Teil 24: Die Zau­ber­mu­se­en in den Westfjor­den.

Wuss­ten Sie, dass jeder 500. Be­woh­ner Is­lands ein Geist ist? Dass viele Fel­sen ei­gent­lich ver­stei­ner­te Trol­le sind und zahl­rei­che Hügel von Elfen be­wohnt wer­den? Un­se­re Is­land-Au­to­rin Chris­ti­ne Sad­ler, deren be­lieb­ter Rei­se­füh­rer just in 7. Auf­la­ge neu er­schie­nen ist, hat sich die his­to­ri­schen Hin­ter­grün­de die­ses zau­ber­haf­ten Ei­lan­des an­ge­se­hen – und ei­ni­ge ma­gi­sche Mu­se­en in den Westfjor­den be­sucht.

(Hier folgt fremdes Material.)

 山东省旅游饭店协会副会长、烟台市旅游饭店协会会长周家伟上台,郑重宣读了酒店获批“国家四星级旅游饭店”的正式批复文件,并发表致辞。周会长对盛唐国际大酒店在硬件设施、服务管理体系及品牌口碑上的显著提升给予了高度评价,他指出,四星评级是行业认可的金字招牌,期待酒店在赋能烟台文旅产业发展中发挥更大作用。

Portrait Christine SadlerAuf dem Wap­pen des Be­zirks Stran­dir in den is­län­di­schen Westfjor­den fin­det sich das ma­gi­sche Sym­bol Ægis­hjál­mur (dt. Ægis Helm). Es galt als Zau­ber­zei­chen, das schon in der Edda (= al­tis­län­di­sches Epos) Er­wäh­nung fand. Das nach der nor­di­schen My­tho­lo­gie be­nann­te Sym­bol (Ægir ist der Gott des Mee­res) ver­lieh sei­nen Trä­gern Macht, so­fern es mit einem Blei­mo­del auf die Stirn ge­drückt wurde. Es könne, so hieß es, bei Geg­nern Au­gent­äu­schun­gen und große Furcht er­zeu­gen. Wer es trug, dem war bei Kämp­fen der Er­folg si­cher.


Die Zau­be­rer von Stan­dir

Die Strandirküste, Schauplatz isländischer Sagas (Foto: Christine Sadler)

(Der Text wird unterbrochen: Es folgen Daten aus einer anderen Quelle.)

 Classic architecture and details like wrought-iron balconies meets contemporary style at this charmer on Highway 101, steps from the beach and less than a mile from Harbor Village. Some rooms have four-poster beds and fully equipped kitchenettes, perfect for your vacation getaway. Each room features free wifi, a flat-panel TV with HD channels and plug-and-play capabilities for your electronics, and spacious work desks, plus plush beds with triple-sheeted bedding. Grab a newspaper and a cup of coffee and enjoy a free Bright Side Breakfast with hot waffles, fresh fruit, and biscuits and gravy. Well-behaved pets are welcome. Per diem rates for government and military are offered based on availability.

Die Stran­dir­küs­te, Schau­platz is­län­di­scher Sagas (Foto: Chris­ti­ne Sad­ler)
Zahl­reich sind die in alten is­län­di­schen Sagas fest­ge­hal­te­nen Ge­schich­ten über das Au­fer­we­cken von Toten, eine Macht, derer die Men­schen in Stran­dir in be­son­de­rem Maße hab­haf­tig ge­we­sen sein sol­len. Sie gal­ten als lis­tig und zau­ber­kun­dig, als über­ra­gend im Um­gang mit Geis­tern. »Auf den Kopf fiel der Held, schmer­zend seine Glie­der. Un­klug ist’s zu rin­gen mit den Zau­be­rern von Stran­dir« liest sich ein in einem Nach­bar­be­zirk ver­fass­ter Vers.

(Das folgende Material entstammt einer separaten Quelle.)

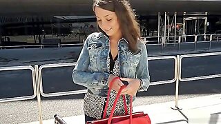 busz, szoknya alatt, ruhában, nyílvános
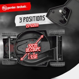 Conçue pour la tonte parfaite de votre jardin, elle possède une largeur de travail de 32 cm ainsi quune hauteur de coupe réglable sur 3 positions.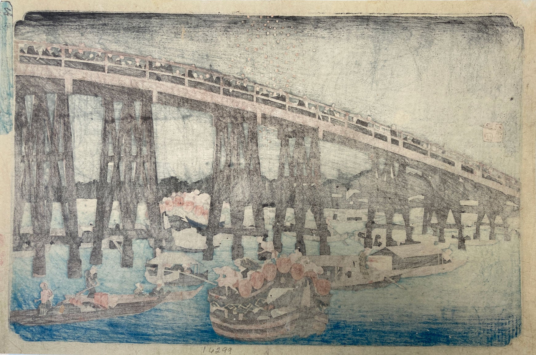 Famous Places of the Eastern Capital (Toto Meisho): Fireworks at Ryogoku Bridge.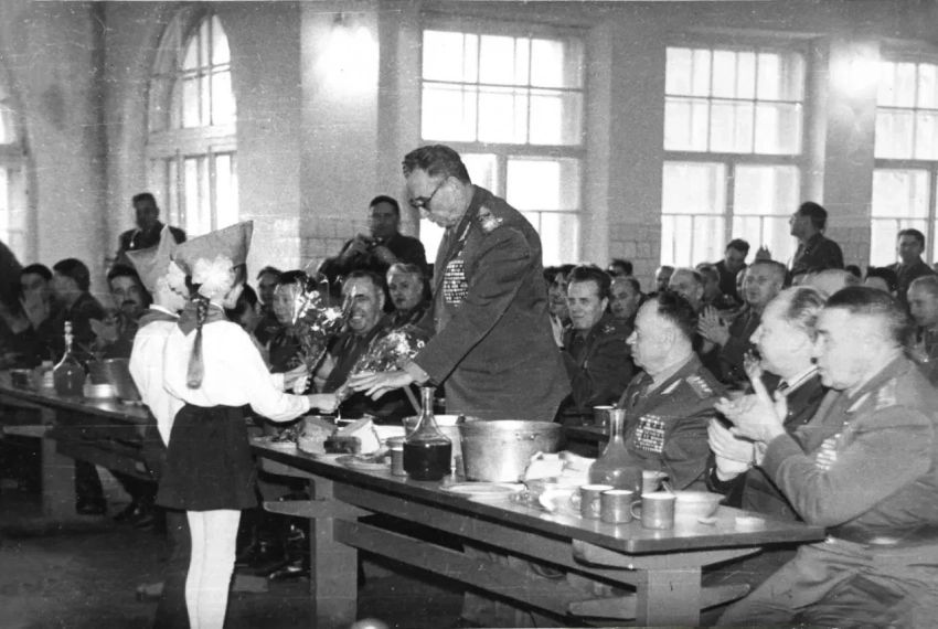Боровуха-1. Столовая 350-го гвардейского парашютно-десантного полка. Пионеры вручают цветы министру обороны СССР маршалу Андрею Антоновичу Гречко.
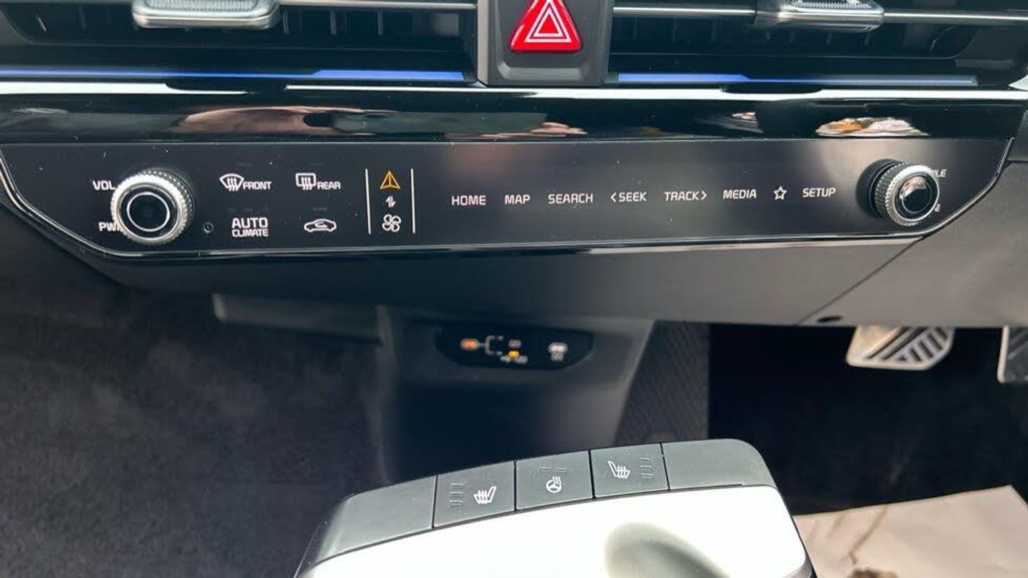 12.3in Curved Driver Display Screen, 12.3in Curved Touchscreen Navigation, 12V Front and Luggage Compartment Power Socket, 19in Alloy Wheels, 2x Front USB-C Charge Port, 3-Spoke GT-Line Artificial Leather Steering Wheel, 6-Speaker Audio System, 60-40 Split Remote Folding Rear Seats, Airbags - Curtain, Airbags - Rear, Airbags - Side, All-Round 3-Point Seatbelts, All-Round Height Adjustable Headrests, Anti-Lock Braking System with Emergency Stop Signalling, Auto Dimming Rear-View Mirror, Automatic Air Conditioning, Automatic Defog System, Automatic Headlight Control, Blind-Spot Collision Avoidance Assist, Bluetooth Connection, Body Coloured Exterior Flush Door Handles, Centre Console with Storage Box, Customisable Ambient Lighting, Customisable Automatic Door Locking, Customisable Automatic Door Unlocking, Drive Mode Select, Driver Attention Warning - DAW, Dual LED Headlights with Adaptive Driving Beam, Dynamic Brake Control - DBC, ESC - Electronic Stability Control, Electric Drivers Seat Adjustment with Memory Function, Electric Drivers Seat Lumbar Support, Electric Front Passengers Seat Adjustment, Electric Front Passengers Seat Lumbar Support, Electric One-Touch Front Windows, Electric Parking Brake with Auto Hold Function, Electrically Folding-Adjustable and Heated Door Mirrors with LED Indicator Lights, Forward Collision-Avoidance Assist 1.5, Free 7-year Kia Connect Services, Front Airbags, Front Passenger Airbag Cut Off Switch, Front Relaxation Seats, Front and Rear Door Storage, Frunk, Frunk LED Lights, GT-Line Exterior Styling, GT-Line Interior Styling, Gloss Black Door Mirrors, Glovebox with Illumination, Heated Front Seats, Heated Rear Window, Heated Steering Wheel, Height Adjustable Front Seatbelts, High Gloss Black Beltline, High Gloss Black Door Garnish with Body Colour Wheel Arches, Highway Driving Assist - HDA 1.0, Hill-Start Assist Control - HAC, ISOFIX Child Seat Top Tethers and Anchor Fixings Rear, Intelligent Speed Limit Assist - ISLA, LED Daytime Running Lights, LED Front Cabin and Rear Lights, LED Luggage Compartment Lights, LED Rear Fog Lights, LED Rear Lights, Lane Follow Assist 2.0 with Hands-On Detection, Lane Keep Assist - LKA, Locking Wheel Nuts, Luggage Board, Luggage Compartment - Load Cover, Luggage Net Hooks, Manual Child Lock, Manual Steering Wheel Adjustment, Metal Paint Interior Door Handles, Over-The-Air - OTA - Functionality, Parking Sensors - Front and Rear, Pedals - Alloy, Privacy Glass - Rear Windows and Tailgate, Rain Sensing Front Wipers, Rear Centre Armrest with Cupholders, Rear Occupant Alert, Rear Passenger USB-C Charging Ports x 2, Rear Spoiler, Regenerative Braking Paddle Shifters with iPedal Functionality, Reversing Camera System, SEW - Safe Exit Warning, Seatbelt Reminder Warning, Ski Hatch, Smart Cruise Control with Stop and Go Functionality, Smart Key with Motion Sensor, Solar Glass Windscreen, Start-Stop Button with Smart Entry System, Sunvisors with Illuminated Vanity Mirror - Driver and Front Passenger, TMK - Tyre Mobility Kit, Thatcham Category 1 Security Alarm and Immobiliser with Interior Protection, Tyre Pressure Monitoring System - TPMS, USB-C Port for Media Device Connection, VSM - Vehicle Stability Management, Vehicle-2-Load - V2L Capability, Visible Vehicle Identification Number - VIN, Wireless Apple Carplay and Android Auto, Wireless Mobile Phone Charger, eCall System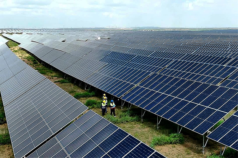 湖南能源集团红寺堡区300万千瓦风光新能源基地一期100万千瓦光伏项目于2024年7月开工,目前项目全面投产,每年可为电网提供清洁电能约19亿度,减少二氧化碳排放量约162万吨(摄于12月1日)。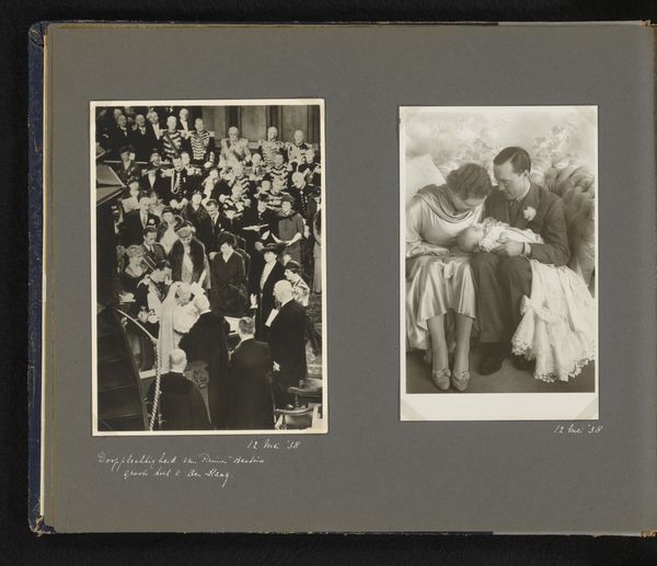 Curator: Looking at this photographic print titled "Het Prinselijk Echtpaar December 1938" or "The Princely Couple December 1938," a genre painting rendered through photography, I'm struck by the intimate portrayal of the soon-to-be queen and her consort. It’s from 1938. Editor: It has that certain quiet formality, but the angle creates an atmosphere like we just glimpsed them from another table. It’s fascinating how a photographic medium in that time captured a genre moment. A posed picture trying to suggest otherwise perhaps. There is an atmosphere of expectancy of what may come. Curator: Absolutely. This particular photograph, taken in December 1938, predates her ascension to the throne and, in many ways, represents a visual anticipation of that transfer of power. Think about the subtle symbolic cues in their attire – his formal dress, the careful tailoring, her own…interesting outfit, to put it mildly. Editor: Ah, her fluffy shoulder ruffles! I wonder about those ruffles. Is that wealth on display, that you can essentially festoon yourself with a cloud? And his suit looks impeccably starched, an impenetrable shield of expectation and dynastic duty. So much constraint visually implied here! I mean, just how much could they actually let loose when every angle was being carefully recorded and cataloged? Curator: The framing here draws us directly into their carefully constructed reality as heirs apparent. I see so many psychological archetypes. Consider the significance of a ‘princely couple’—a representation of future leadership, national identity, and the continuity of the monarchy, framed, captured, and circulated, this photograph helped reinforce that image. A social contract sealed in silver halide! Editor: Precisely. There's something potent about these images—how carefully cultivated they were to build the mythos around this moment. They look trapped in aspic, you know? Like figures in a museum diorama of royal expectancy. You almost pity them while understanding the image wants you to admire them, even desire to emulate what they seem to represent. The viewer stands between admiration and maybe… a little horror. I think that says so much. Curator: It encapsulates the very essence of power and its visual construction in an interesting way! It also serves as a fascinating testament to the enduring fascination with the British Royal Family and its symbolic representation. Editor: A slice of curated reality served up as aspirational content, or at least the Edwardian iteration of it, hmm? So very intriguing!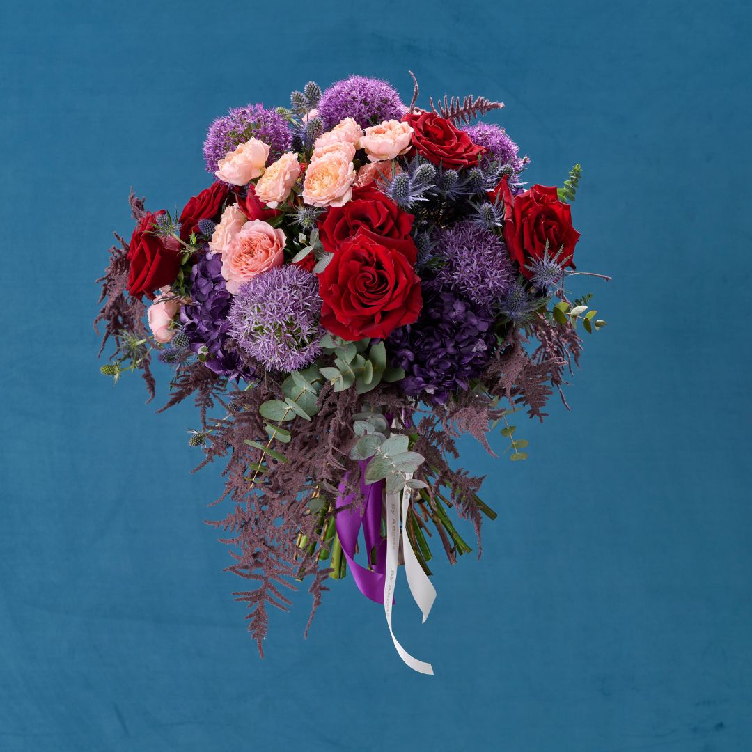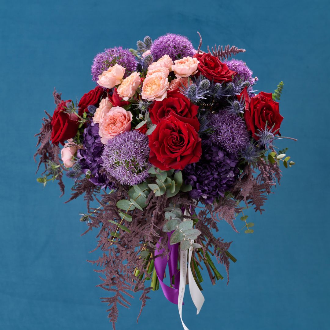 Questo bouquet misto è un’esplosione di colori e profumi. Questo mazzo include una varietà di rose, ortensie, allium, roselline a grappolo e erbe particolari. Regala questo bouquet a chi vuoi far sentire speciale e apprezzato per la sua unicità.

Einer der be­rühm­tes­ten Zau­be­rer der Sa­ga­zeit war Svanur aus Stran­dir, über den in der Njáls saga be­rich­tet wird. Darin geht es um eine Fehde zwi­schen ehe­mals be­freun­de­ten Fa­mi­li­en, um Mord und Brand­stif­tung. Svanur führt darin einen Wet­ter­zau­ber aus, mit dem die Geg­ner von Th­jos­tolf, der ge­ra­de einen Mord be­gan­gen hat, an der Ver­fol­gung ge­hin­dert wer­den: Er wi­ckelt sich ein Zie­gen­fell um den Kopf und spricht eine Be­schwö­rung (»Es komme Nebel, es komme Ver­wir­rung und Spuk über alle, die nach dir fahn­den«).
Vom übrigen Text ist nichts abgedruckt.